La myopie : Comprendre, vivre et traiter

La myopie

Dans un monde de plus en plus dominé par les écrans et un mode de vie sédentaire, la myopie est devenue une préoccupation de santé publique majeure. Aujourd’hui, des millions de personnes à travers le globe sont affectées par cette condition, avec des prévisions indiquant que près de la moitié de la population mondiale pourrait être myope d’ici 2050.

Par Adeline Beijns

Comprendre la maladie

La myopie se produit lorsque le globe oculaire s’allonge plus que la normale ou que la cornée, la surface transparente à l’avant de l’œil, a une courbure excessive. Cette configuration anatomique altère la manière dont la lumière est réfractée à travers l’œil, entraînant une focalisation des rayons lumineux en un point devant la rétine plutôt que directement sur sa surface. En conséquence, bien que la vision rapprochée reste généralement claire et nette, les objets éloignés apparaissent flous et indistincts. C’est précisément cela que Jacqueline, aujourd’hui âgée de 42 ans, a ressenti vers l’âge de 6 ans : « je ne parvenais plus à lire ce qu’il y avait au tableau et je plissais les yeux pour pouvoir voir. »

Cette condition peut affecter des tâches quotidiennes comme la lecture de panneaux routiers, le visionnement de tableaux d’affichage ou même la reconnaissance de visages à distance. La progression de la myopie peut varier d’une personne à l’autre, influencée par des facteurs génétiques et environnementaux. Chez les enfants et les adolescents, la myopie a tendance à évoluer plus rapidement, en partie à cause de la croissance du corps, y compris celle des yeux, qui peut aggraver la condition. Chez les adultes, la myopie se stabilise généralement, mais une surveillance continue est essentielle.

Cancer
Récupéré sur : giphy.com

Facteurs de risque

Les causes de la myopie peuvent être multifactorielles, impliquant à la fois la génétique et l’environnement. L’hérédité joue un rôle significatif : les enfants dont les parents sont myopes ont une probabilité plus élevée de développer eux-mêmes cette condition. Cela suggère une composante génétique forte, bien que les spécificités de l’héritabilité restent complexes et sujettes à la recherche. Léa, une élève de 8 ans, partage son expérience : « J’aimais jouer à des jeux vidéo plutôt que de jouer dehors. Puis, j’ai commencé à avoir du mal à voir le tableau à l’école. Quand on m’a diagnostiqué myope, ça a été un choc pour moi. » Elle poursuit : « Quand j’ai appris que je devais porter des lunettes, j’étais inquiète… mais maintenant, je les aime bien. Elles font partie de moi. »

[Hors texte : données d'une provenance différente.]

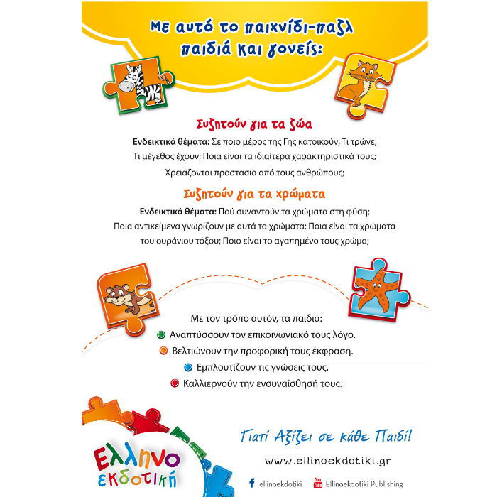 με τα οποία οι μικροί μας φίλοι θα γνωρίσουν 8 υπέροχα Ζωάκια και αντίστοιχα βασικά Χρώματα.

L’exposition prolongée aux écrans, devenue monnaie courante à l’ère numérique, est un autre facteur de risque important. La sollicitation intense de la vision de près, sans pauses adéquates, peut contribuer à l’apparition ou à l’aggravation de la myopie. Cela est particulièrement préoccupant pour les jeunes générations, qui grandissent dans un environnement saturé de technologies numériques. Le manque d’exposition à la lumière naturelle est également mis en cause.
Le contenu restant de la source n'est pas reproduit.